In basso a sinistra: Tirinnanzi 1962-67.
Al verso: etichetta [raccolta G. Giuliani, Firenze] recante a inchiostro «Nino Tirinnanzi [tutto maiuscolo] / “Ragazzi di Tarquinia” 1962-67 / Olio su faesite, cm 80×65 / [Provenienza] Dall’Artista / [N.] 9/P – [Catalogo] Pananti 1969»; a matita rosa «11»; a inchiostro «II»; scritta bianca a stampa «[…; illeggibile] / Pressato» [riferimento del produttore del supporto].
Provenienza: raccolta G. Giuliani, Firenze; raccolta privata, Firenze.

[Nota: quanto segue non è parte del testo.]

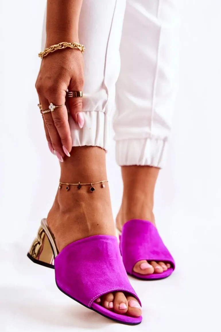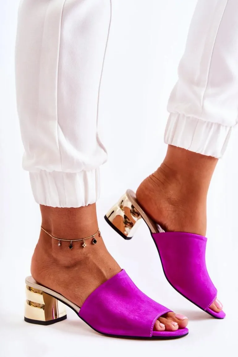 Modne, a zarazem wygodne klapki damskie zostały osadzone na obcasie w postaci klocka. Cholewka wykonana z naturalnego zamszu. Nosek odkryty, zaokrąglony. Miękka wkładka została wykonana z naturalnej skóry. Model klasyczny, wsuwany. Świetnie sprawdzą się do wielu stylizacji. Idealnie dopasują się do tęgości nogi, dzięki skórzanej wyściółce. Spraw sobie radość kupując nową parę butów, które będą idealne na letnie dni! Przy wyborze rozmiaru prosimy sugerować się tabelą rozmiarów.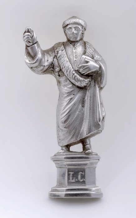 Deel van pen: zilveren afbeelding Laurens Coster "L.C."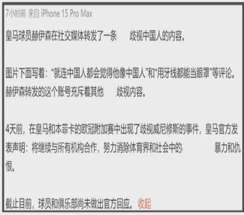 舆论升级过程中,有一位网红博主尝试联系皇马俱乐部和赫伊森本人,都没有得到正式回应,绕了一圈联系了赫伊森的队友,也就是皇马俱乐部其他球员,才被告知是赫伊森不小心碰到了才转发的,包括删除动态,都是赫伊森队友和赫伊森妈妈提醒的——他妈妈来了!他妈妈真的来了!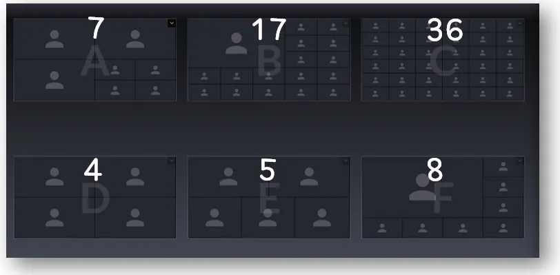 如果進入的人數超過了設置的佈局,則會有未顯示在屏幕上的參與者。請將其更改為與人數匹配的佈局。
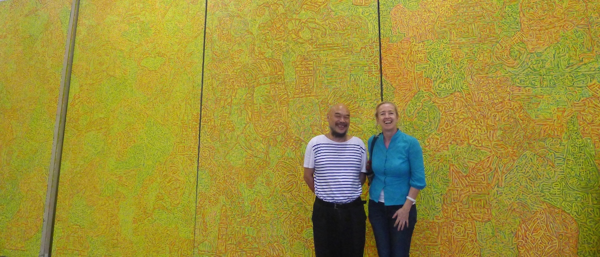 Once you enter the huge space of Yi Lings two long walls are filled with five layers deep of huge canvasses laid side by side, each canvas co joined by the imagery on the edges in the dialect that is specifically Yi Ling’s. The imagery in the bold outlines of folk art, layers of geometric designs and calligraphy until his canvas is an intricate maze of line and colour in which the figures are barely distinguised. It is the quest for balance of polar opposites “The Chinese reality is Toyotas as well as horse-carts, skyscrapers as well as shanties, people who believe in capitalism and people who believe in Communism. It is crowds, complexity, chaos,” Yi Ling says. These icons of modernity and the ancient are interlaced with Chinese characters.
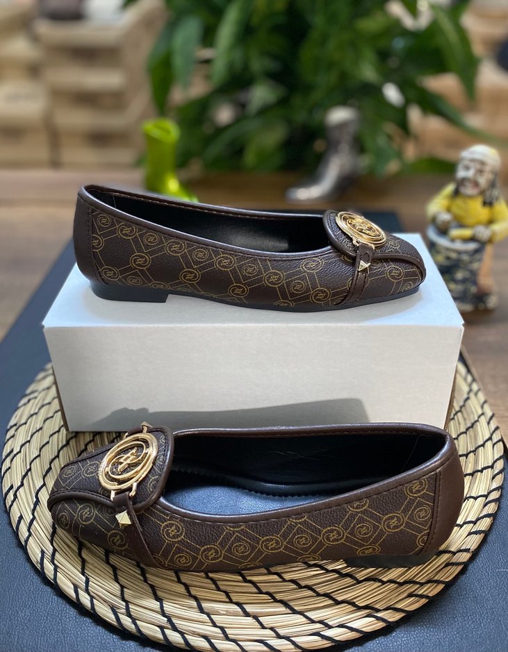 Vakko Kahverengi Desenli Tokalı Kadın Babet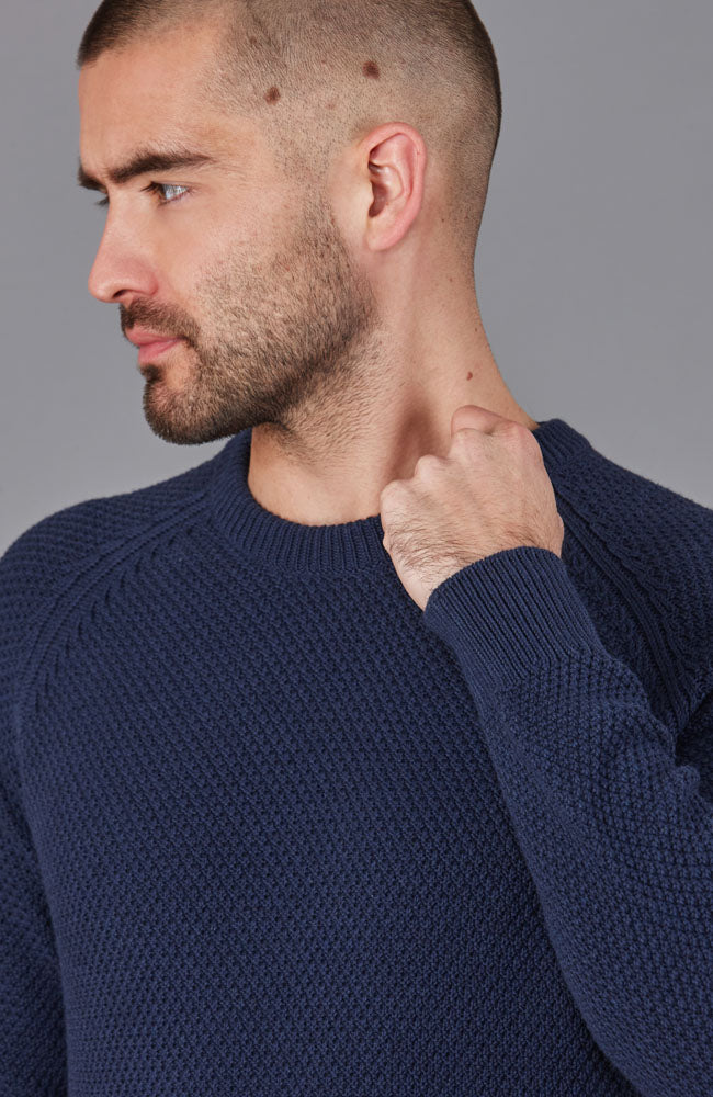 Mens Organic Cotton Moss Stitch Raglan Jumper

Esposizioni: Nino Tirinnanzi, testo [in forma di lettera] di S. Giannelli, Galleria Pananti, Firenze, 8 marzo-4 aprile 1969, riprodotto in cat. [tav. 29]; Nino Tirinnanzi. Tante vite e infine una, a cura di G. Faccenda, Palazzo Sacrati Strozzi, Firenze, 21 dicembre 2022-21 gennaio 2023, riprodotto in cat. p. 67, n. 26.

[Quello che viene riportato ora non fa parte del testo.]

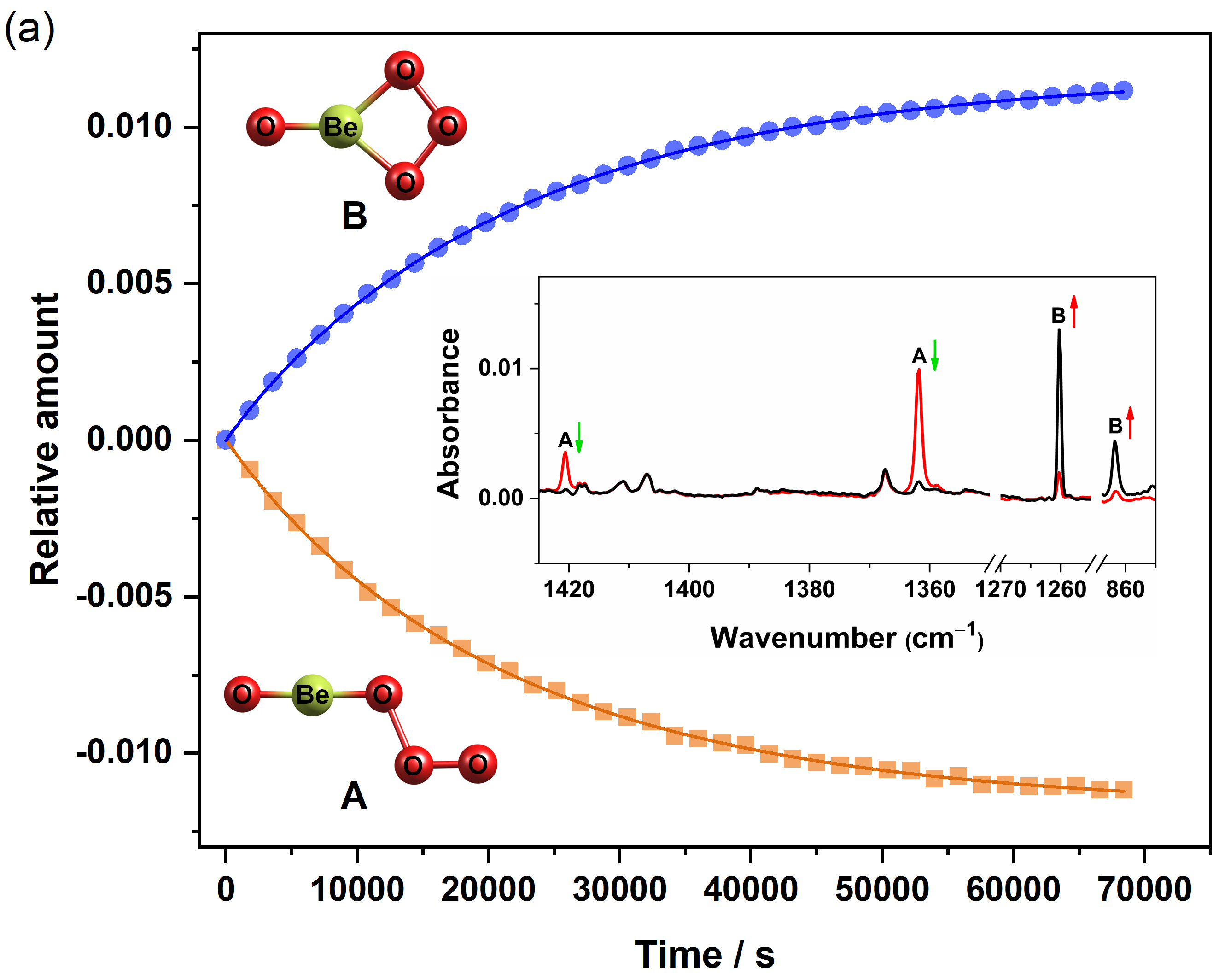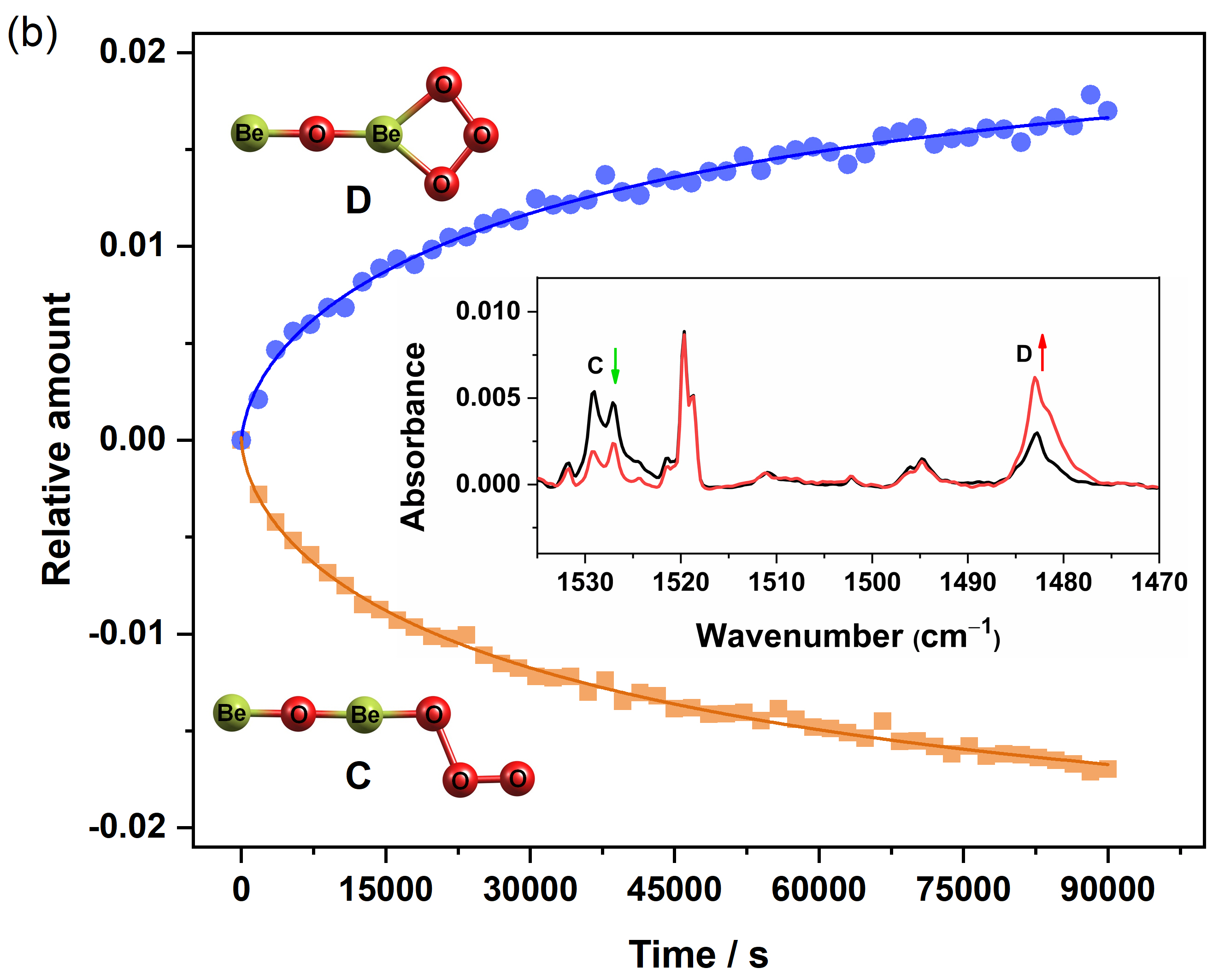 图2. 在3 K Ne基质中异构化反应OBeOOO (A)®OBe(h2-O3) (B)和BeOBeOOO (C)®BeOBe(h2-O3) (D)的动力学曲线。

Nel Catalogo Generale delle Opere, primo volume, del 2015, cit., pp. 10-11: «[Montale] aveva sensibilmente colto la remota oggettività che continuava invece a rimanere a molti sconosciuta dinanzi a paesaggi edenici come a gruppi di ragazzi riuniti per strada o sulle panchine. Gli era bastato valicare l’abituale lettura per scoprire un caleidoscopio di valori che appartenevano a un’umanità schietta come a un artista eminente. Così aveva avuto modo di comprendere, di Tirinnanzi, anche il più ricorrente degli assilli: la ricerca di un ambiente ideale che contenesse l’uomo o forse soltanto il suo archetipo, in un suggestivo teorema che aveva riguardato non soltanto de Chirico, ma anche Carrà e Morandi, per i quali territori di investigazione di un altrove mitico erano divenuti, nell’ordine, le colline fiesolane, l’entroterra versiliese e i dintorni di Grizzana, sull’appennino tosco-emiliano.
È con ragione, quindi, che qualcuno ha parlato, in questo senso, di una realtà metafisica del paesaggio, sottintendendo una dimensione da cogliere nel suo ambito più alto, ben oltre, dunque, il risalto di una natura che riesce appena a conservare la propria caratteristica geografica in quella che infine appare come una mirabile metamorfosi verso l’esemplare.»